FreeWheel’s redesign and migration of their streaming application using Databricks achieved impressive results. “With Spark Structured Streaming on Databricks, we have enhanced system performance, improved data quality, increased system stability and reduced time spent on system maintenance. This project has set the stage for future innovations and improvements in our data processing capabilities,” Sharif said. Additionally, “Databricks’ Spark implementation has been a game changer for our data processing needs, offering a reliable, mature, flexible and highly efficient platform. The exceptional support from Databricks, combined with the platform’s robust features and performance, has made it an invaluable asset to our data infrastructure,” Donghui Li, Lead Software Engineer at FreeWheel, said.

With their migration to Databricks, FreeWheel also wanted to improve their developer experience. The company leveraged key Databricks features, including:

Intuitive APIs such as the DataFrame API, which is simple and unified across batch and streaming applications.

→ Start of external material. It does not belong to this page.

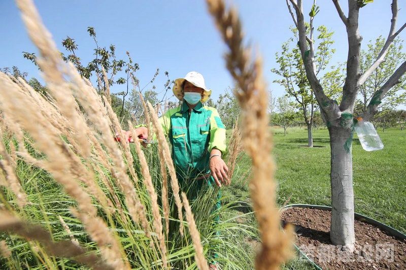 烈日当头,城市绿心森林公园养护人员正在对植物进行养护 ■记者 董一鸣/摄
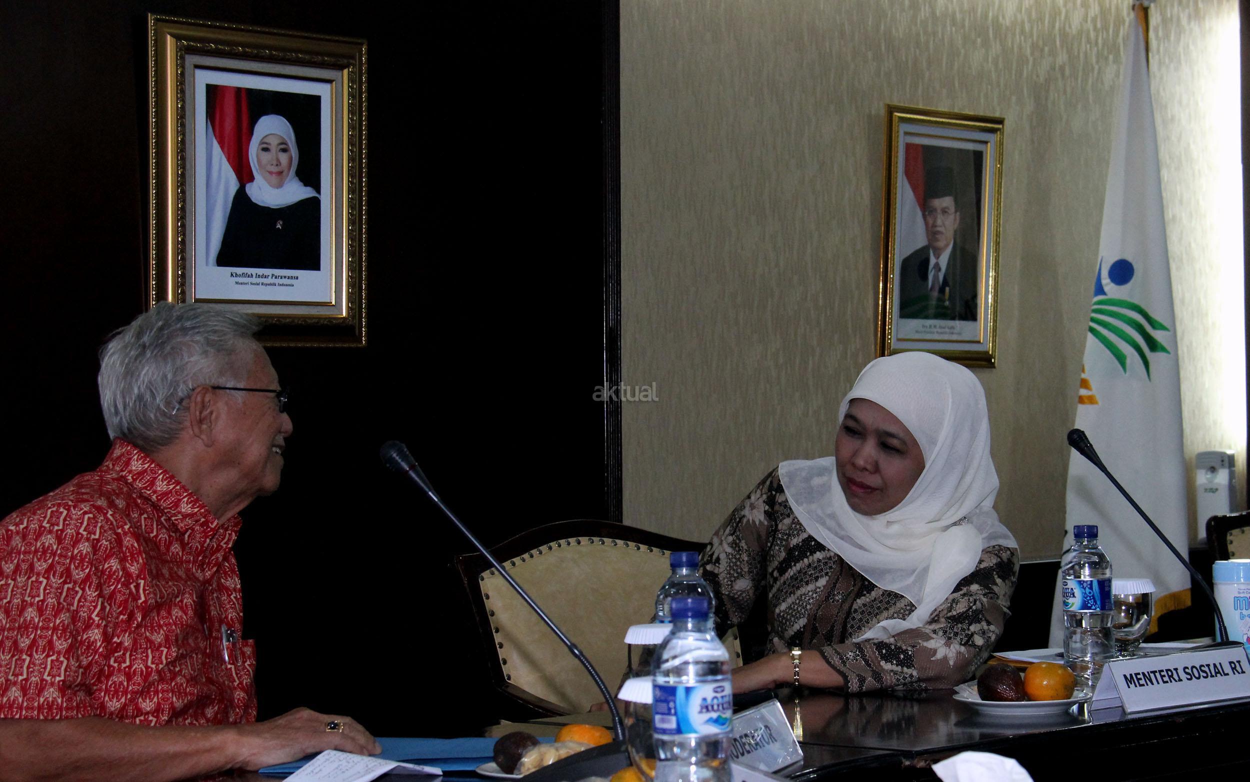 Menteri Sosial Khofifah Indar Parawansa saat berbincang dengan Peneliti UI DR. S. Budi Santoso dalam membahas Komunitas Adat Terpencil (KAT) di Kemensos, Jakarta, Rabu (4/11/2015). Dalam rapat Forum Koordinasi Komunitas Adat Terpencil (KAT) membahas Penjelasan Perpres No 186/2014 ttg Pemberdayaan KAT dan Pola Pemberdayaan Suku Anak Dalam, Studi Kasus terhadap Orang Rimba oleh KKI-Warsi Jambi.

It has a rich set of functions and seamlessly integrates with various data sources and storage systems.
Databricks Terraform provider, which allows teams to quickly and easily define Databricks infrastructure and resources using code
Databricks Asset Bundles, which bring an infrastructure as code (IAC) approach to CI/CD
Databricks Assistant, which helps teams generate, explain and fix code. Powered by data intelligence, it uses signals from across the Databricks environment to create context-aware generative AI models that make the assistant more accurate and relevant.
AI-generated comments for Unity Catalog tables and columns, which serve as a convenient starting point for developers and can be edited as needed. These suggested comments encourage early documentation and save developers’ time.

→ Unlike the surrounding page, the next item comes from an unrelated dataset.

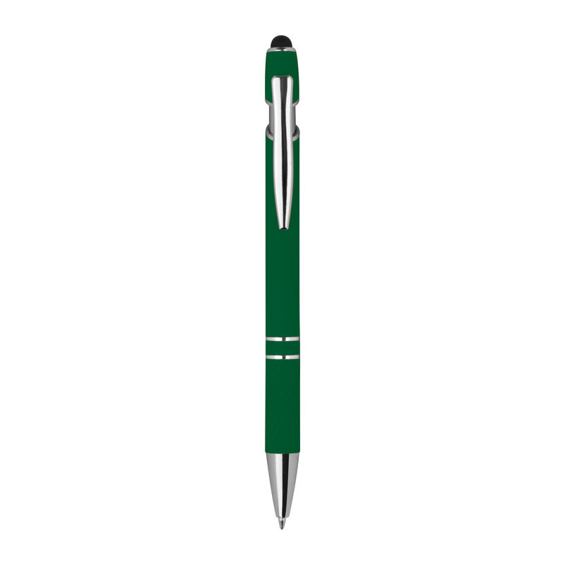 Plastic balll pen with silver applications, blue-writing refill, touch function and patterned grip zone. Your logo will be engraved to the right of the clip.

FreeWheel is looking forward to implementing Databricks’ serverless streaming and autoscaling. “Adopting serverless technology will help us further delegate more of our infrastructure management to Databricks, and it will allow us to benefit from the economies of scale that come with Databricks’ vast serverless infrastructure,” Sharif said. “It will also give us access to several performance enhancements available on serverless, such as stream pipelining.”

The company will continue to evaluate expanding their Databricks footprint to achieve coordination among their products. This includes migrating other adjacent workloads to Databricks and moving more data stores to Unity Catalog to leverage its powerful features.